Depends on your math and physics background, but a famous book (out of print??) is Commins and Bucksbaum, http://www.abebooks.com/9780521273701/Weak-Interactions-Leptons-Quarks-Commins-0521273706/plp, or Georgi, http://www.people.fas.harvard.edu/~hgeorgi/weak.pdf . A little lower in difficulty would be classic particle physics books like http://www.amazon.com/Introduction-Energy-Physics-Donald-Perkins/dp/0521621968, although one problem that you have to be aware of is that the less technical books also tend to have some conceptual errors floating around (poor treatment of concepts like virtual particles, symmetry “hiding”, confinement of quarks, and other concepts; various archaic notions will still be in there; etc.) In general the books tend to run about 10-20 years behind knowledge in the field, and that’s a problem… one that my website is trying to address.

Also — electrons are *not* *composites* of the two fields; they are *mixtures*. I’ve emphasized the difference between these two things a few times. A hydrogen atom is a composite made from an electron and a proton; as a consequence it has a size, and with some energy the electron and proton can be moved further apart, exciting the atom. But electrons are not atom-like things made from ψ and χ particles, rather they are sometimes χ and sometimes ψ. The same notion of *mixing* comes into neutrino oscillations and into many other quantum mechanical phenomena.

• Acai

Thanks a lot for the links, I will definitely check them out.

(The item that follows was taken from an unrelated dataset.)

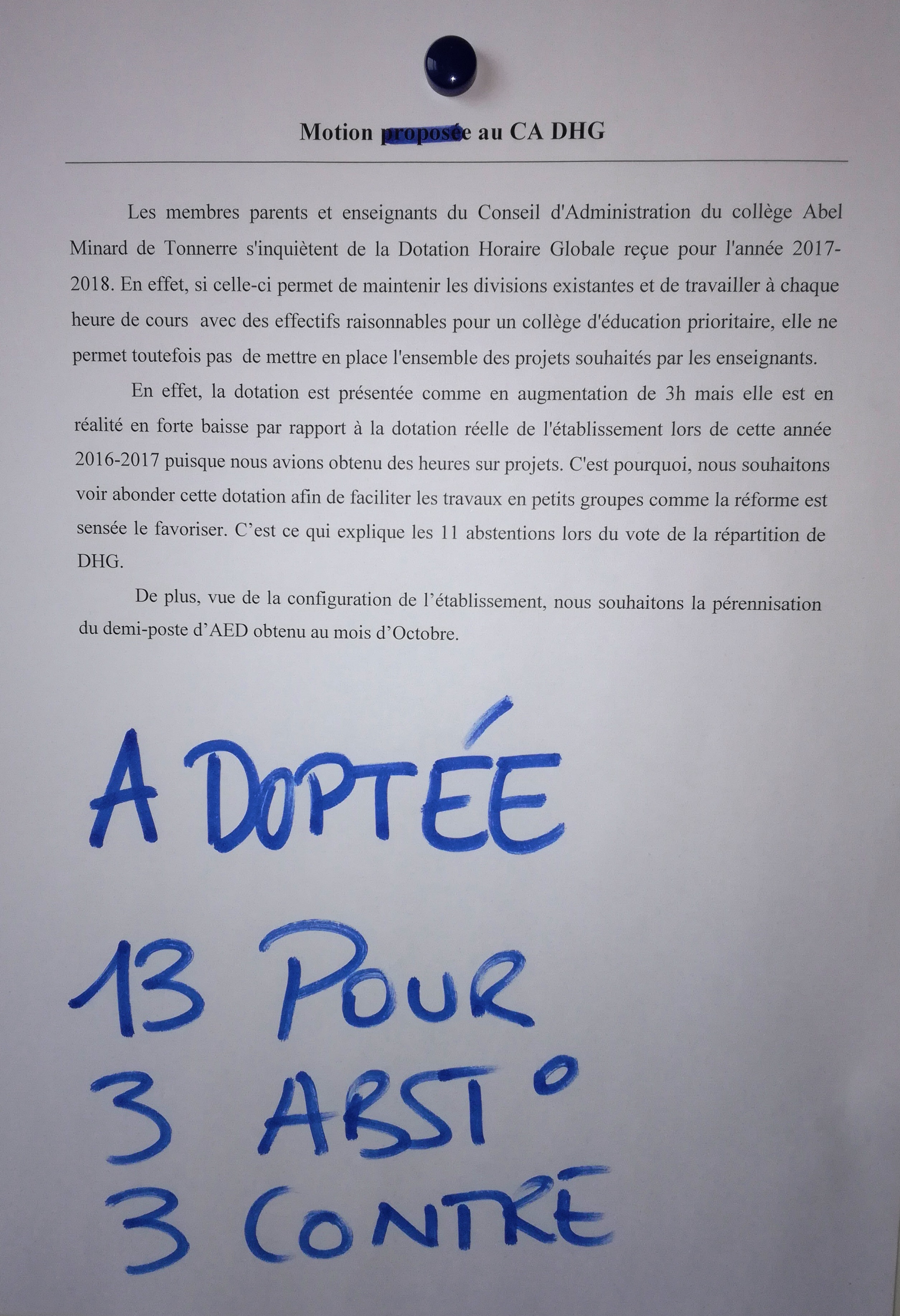 – le collège de Tonnerre qui demande une dotation supplémentaire et le maintien de tous les postes d’AED.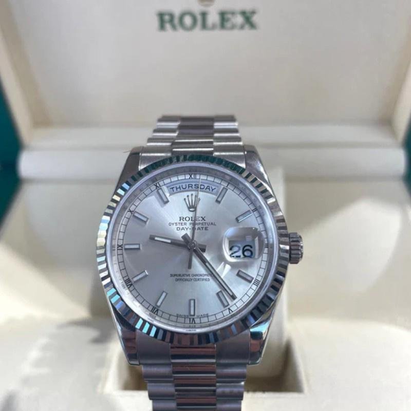 White gold Rolex Day-Date 118239 unisex replica watch, silver dial, fluted bezel, 36 mm. 36mm white gold case with white gold Rolex Oyster bracelet. White gold ribbed fixed bezel. Silver dial with bar markers. Day of the week window at 12. Date window at 3 o’clock with cyclops magnifying glass. Scratch resistant sapphire crystal. Screw-down crown.

Yes, I meant mixtures, as in white light, not as in hydrogen.

• Matt Strassler

“Mixture” in quantum mechanics is not “as in white light”. It’s a technical term that means something else. (Thank you for illuminating this ambiguity in the language; I’m going to have to think about how to improve my terminology.)

White light can be pried apart into its parts by passing it through a prism; that tells you that it can be decomposed into constituents. In this sense it is a bit more like hydrogen.

This is not true of a quantum mechanical state that is a quantum mechanical mixture of two others. There’s just one electron; it doesn’t have constituents that you can pry apart — except by turning off the value of the Higgs field, making it zero.

• TimG

But is not (classical) white light a superposition of different frequencies? It seems to me that classical wave theories and quantum mechanics both have a concept of superposition, with the difference being that in QM a measurement destroys the superposition and collapses it to a single eigenstate. I also find your use of “mixture” a bit confusing; I think you’re using it as a layman’s term for “superposition”, but in QM there is also such a thing as a “mixed state”, which (of course you know) is quite different. In general I think it’d be nice when you’re using your own terms if you included parenthetically the real word for it, for those who may know (or be learning) this terminology.

• Matt Strassler

You’re right that I’m not entirely consistent on my terminology (it is a big challenge when writing multiple articles over many months, during which one learns about one’s pedagogical flaws.) And I should from the beginning have done what you say (include parenthetically the technical term where appropriate). But an additional problem is that particle physicists do use terms that are often inconsistent (“mixing” and “mixed state” mean very different things; don’t get me started on “multiple interactions”) and of course we know what we’re talking about from context, but non-experts can’t possibly figure that out. So this also is part of the pedagogical calculus…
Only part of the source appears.